A test station for manual tests

Analysis could be complete now. I guess I understand how to calculate terrains using the Diamond-Square algorithm. I even can generate all kinds of examples for automated tests. They only suffer from one flaw: they are small. Setting up an Excel sheet for matrixes larger than 5×5 is prohibitive. So what about examples of size 9×9 or even 1025×1025?

There won’t be any. Sorry. That’s one of the reasons Robert C. Martin picked the algorithm for his TDD lesson. You cannot exhaustively check the result of the solution using examples. You need to find another way to gain confidence in your code. But that’s a matter of the phases after analysis.

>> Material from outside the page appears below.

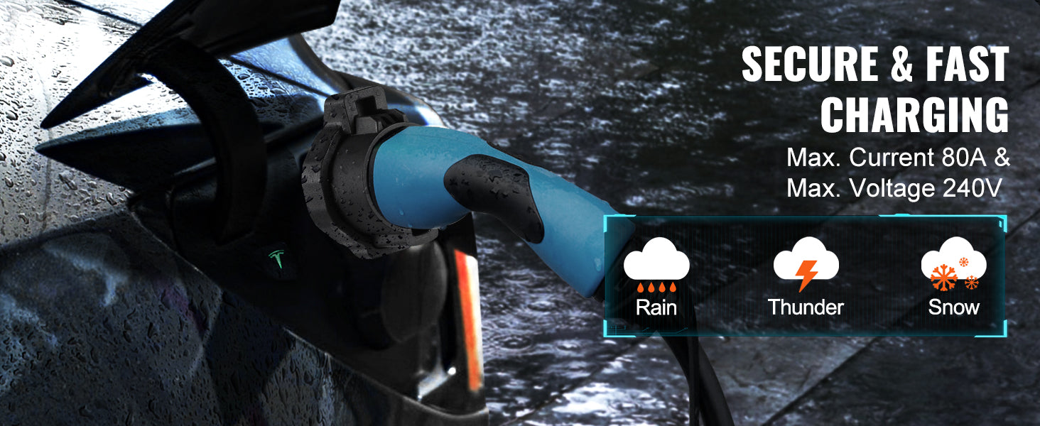 Yes. It supports up to 80A and 240V AC for efficient charging speeds (depending on the charging station).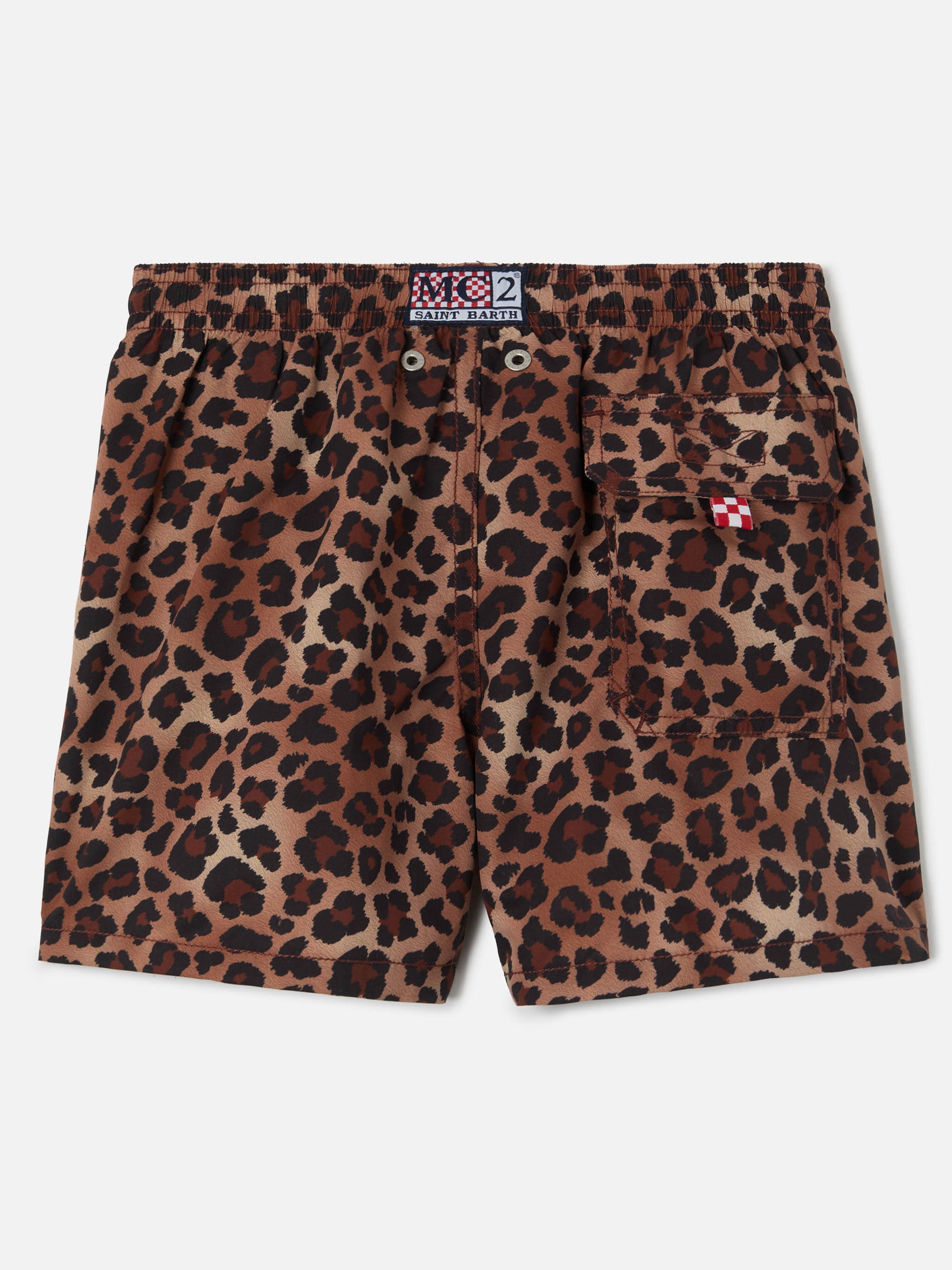 The Jean swim shorts are designed to provide comfort and ease during summer days. The elasticated waistband with adjustable drawstring ensures a comfortable fit, while the elastic inner mesh provides support and freedom of movement. The design features the Leopard Animalier print in beige and brown tones, creating a bold and contemporary look.

So how could I check the correctness or rather „fitness“ of larger terrains? There’s no way I can do that precisely, i.e. by cell value, but I can at least check the overall visual impression of a terrain. In the end terrains are generated to be looked at, anyway. I don’t care for values but for visual appeal :-) Do the terrains look realistic or at least interesting?

To easily check that I set up a special test station for the algorithm. It generates terrains based on manually entered input values and shows them as a bitmap:

For the transformation of a floating point array into a bitmap I have to create a small mapper (Heatmap), though. It translates the terrain data into rainbow colors. But the effort for this is compensated by the ease with which I can check terrain generations at any time.

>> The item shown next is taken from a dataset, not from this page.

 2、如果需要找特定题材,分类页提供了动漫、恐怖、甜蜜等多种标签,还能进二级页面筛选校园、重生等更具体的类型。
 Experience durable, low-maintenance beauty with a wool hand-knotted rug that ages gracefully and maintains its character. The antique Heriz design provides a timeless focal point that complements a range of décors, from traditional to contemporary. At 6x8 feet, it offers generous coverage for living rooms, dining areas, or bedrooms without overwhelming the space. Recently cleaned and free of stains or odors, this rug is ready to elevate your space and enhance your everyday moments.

Get_input() reads some data from the console. The second parameter is the default value in case the user just presses ENTER.

Setting up such a test station might look like too much for such a small problem. But at least I would really like to see the terrains that get produced, not just floating point arrays. Since I don’t know graphics frameworks to render float arrays, I’m doing the translation myself.


Analysis is not just a mental exercise. Its results should be documented – as tests. Examples plus function signatures are concrete evidence of understanding. They should be manifested in code.

Such acceptance tests do not hint at any implementation, though. They don’t need to be incremental in any way. Hence you can expect them to stay red for quite a while.

But as soon as they turn green, you know you’re done :-)

In addition a test station for manual tests provides a means to make the solution more tangible in isolation. With it tests can be run by anybody.

However, doing the analysis in this way does not only result in tests which help stave off regressions. It helps structuring the solution. The specs don’t talk about functions or classes. But careful reading provides information on what should be tested. And that leads to a certain structure. Different aspects get expressed differently: a data structure with certain properties becomes a class, behavior of some kind becomes a function, dependencies on resources are made explicit.

To me that’s clean coding right from the start.